Porridge is my breakfast on most days, as it’s easy to make and is nutritious. It took me a bit to get to the type of porridge I enjoy eating. In this post, I cover the types of oats I use, my preferred cooking method, and the toppings I enjoy.

Oat flakes vs steel-cut oatmeal

Oat flakes, also known as rolled oats, are oat kernels that have been steamed and rolled into a symmetric shape during production. 1 I’ve been unable to make good porridge with oat flakes, fine or coarse. I think that the main reason is the large surface area of an oat flake: larger area means more water gets absorbed. I couldn’t get to a consistency other than too stiff, independently of the amount of liquid I use, when using oat flakes.

I do like oat flakes in overnight oats, flapjacks, cookies, and in granola. But not in porridge.

Instead, I prefer steel-cut oats. The first time I tried steel-cut oats after years of using oat flakes, the texture was a revelation. Steel-cut oats absorb less liquid than the flakes and result in the perfect creamy texture that’s not too dry and not too wet. I usually go with the thickest cut possible for the steel-cut oats.

There is a small problem with steel-cut oats, though, compared to the oat flakes: getting steel-cut oatmeal if you don’t live in the UK, Ireland, the US, or Canada is challenging. For example, here in Germany, I haven’t found a single supermarket, online or offline, that sells steel-cut oatmeal.

Where to get steel-cut oatmeal in Europe

Amazon UK seems to be the only place that would deliver steel-cut oats at a reasonable price across the EU. It was painful to pay more for shipping than for the oats itself, but the total cost per kilogram is still lower than any other way of ordering that I’ve found.

DIY steel-cut oats at German supermarkets?

My local organic supermarket sells whole oat grains. Cooking those takes a long time, and the result is closer to a cooked whole grain (e.g., rice) than porridge. However, the supermarket also has a grain grinder. In theory, it’s possible to grind your own oats on one of those machines.


I’ve only realised the importance of salt in porridge after starting to use steel-cut oats. There is a massive difference in flavour when using a pinch of salt per portion vs no salt at all, added at the very beginning of the cooking process.

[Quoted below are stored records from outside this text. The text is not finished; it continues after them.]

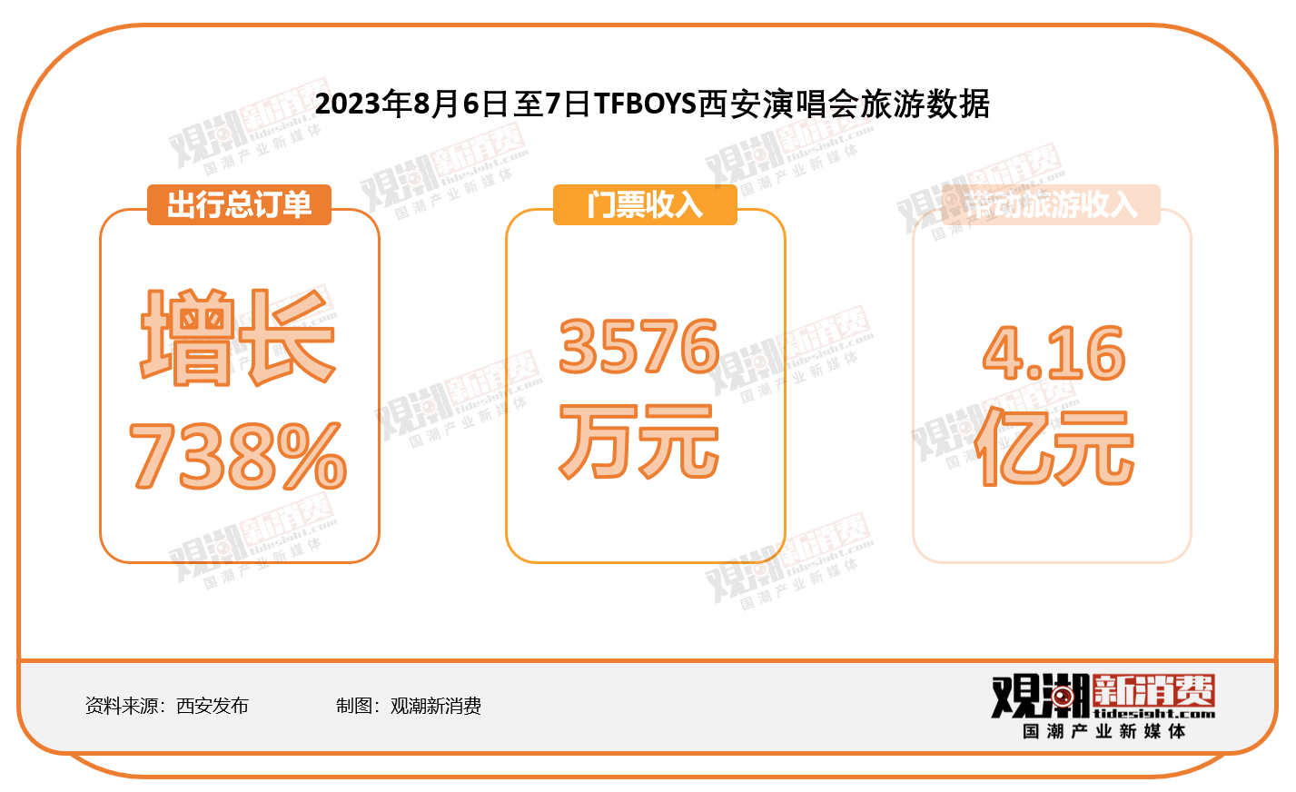 2023年8月6日晚,TFBOYS“十年之约”演唱会在西安奥体中心体育场举办,门票收入3576万元。据第三方抽样调查统计,本场演出前后,西安住宿线上提前预订量同比大幅增长,8月6日-7日出行总订单量同比增长738%;直接带动4.16亿元的旅游收入。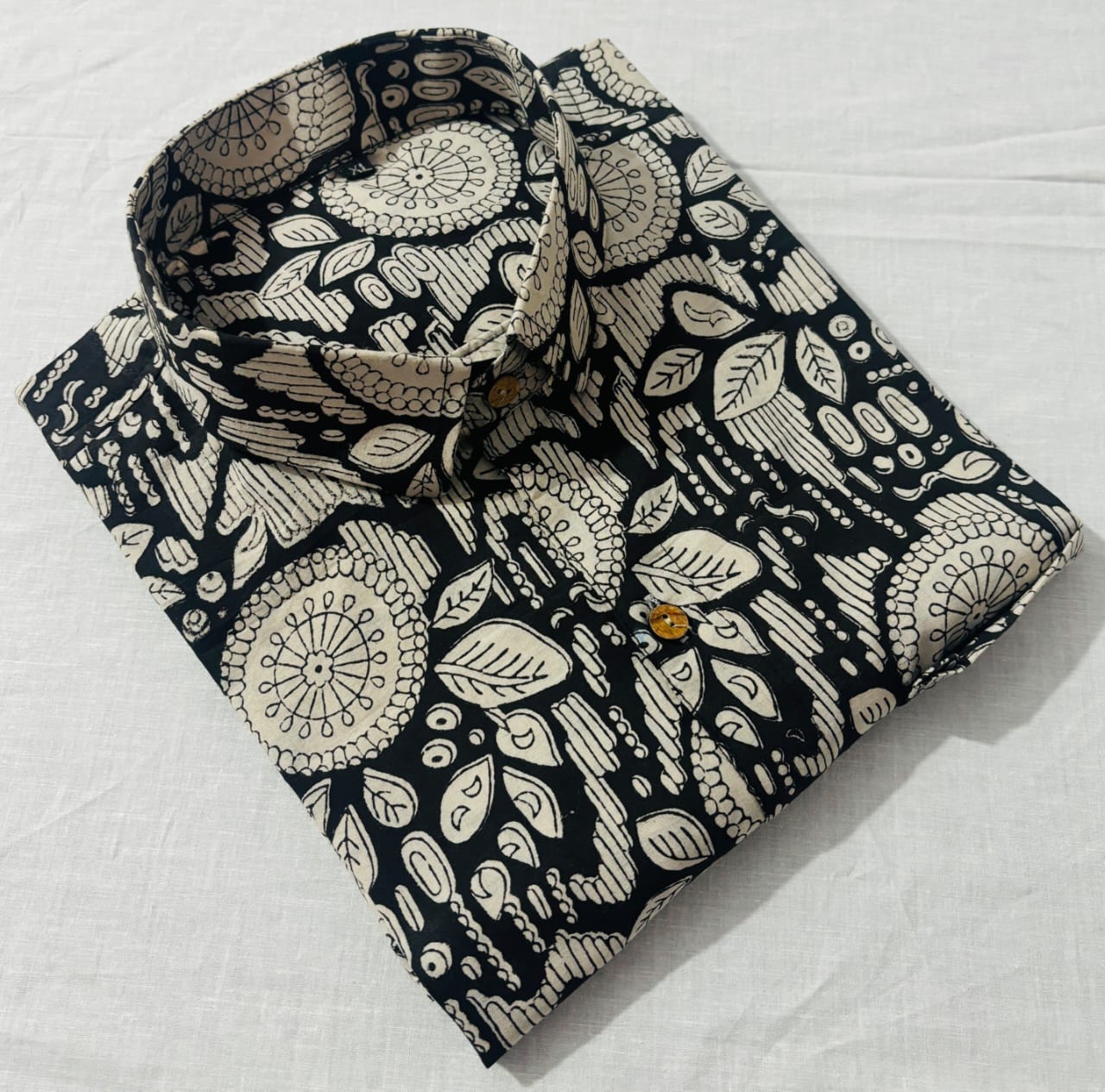 Experience the artistry of Bagru block printing with this exquisite Cotton 60*60 Super Dying Shirt for Men. Handcrafted with precision, this black shirt features a captivating floral motif design in off-white, making it a versatile piece for your casual or semi-formal wardrobe. The classic collar and button-down front with brown buttons add a touch of sophistication. Elevate your style with this premium, artisanal creation from Blockart. Explore more men's shirts for unique handcrafted designs.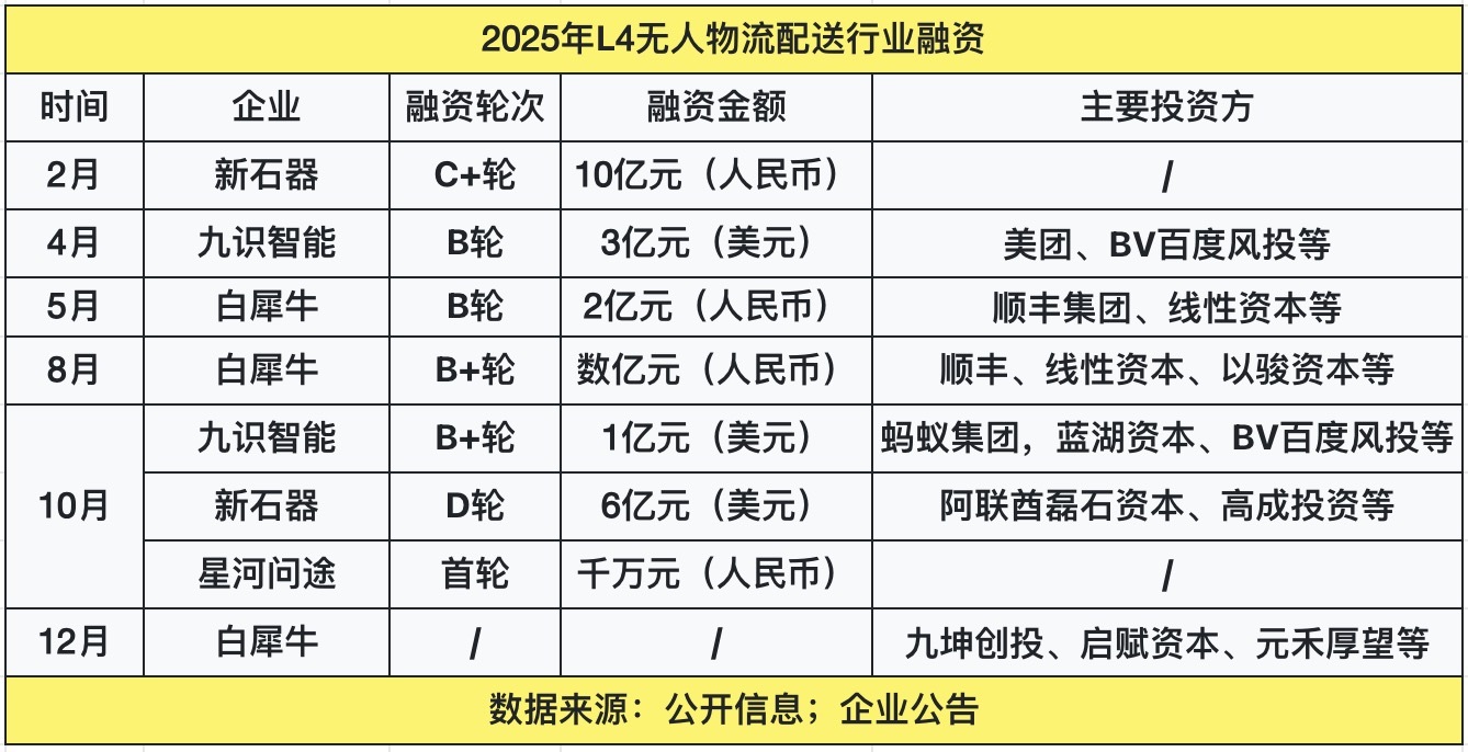 在融资端,资本加速向头部企业集中。例如,新石器在2025年完成两轮融资,累计金额超50亿元人民币,其中10月完成的6亿美元D轮融资由阿联酋磊石资本、高成投资及中国移动等多家机构联合投资;白犀牛于2025年年内完成三轮融资,全年累计融资额达数亿美元,投资方包括顺丰、九坤创投、启赋资本等;九识智能同样完成两轮融资,累计达4亿美元,获得蚂蚁集团、美团等产业资本持续加码。

I like the texture and the taste of porridge more when I use softened water (from a portable water filter). Almost all of the liquid you add to the oats will end up in oatmeal, and only a small amount will evaporate during cooking. So I use the water that I would enjoy drinking.

7:1 ratio of water to oats (by weight) results in fully cooked oats with a bit of crunch to them.


I’ve seen it recommended to toast the oats before cooking them. I think the difference in flavour is minimal so I usually go straight to cooking oats in water.

Starting with cold water slightly extends the cooking time and yields a softer texture than if starting with already boiling water.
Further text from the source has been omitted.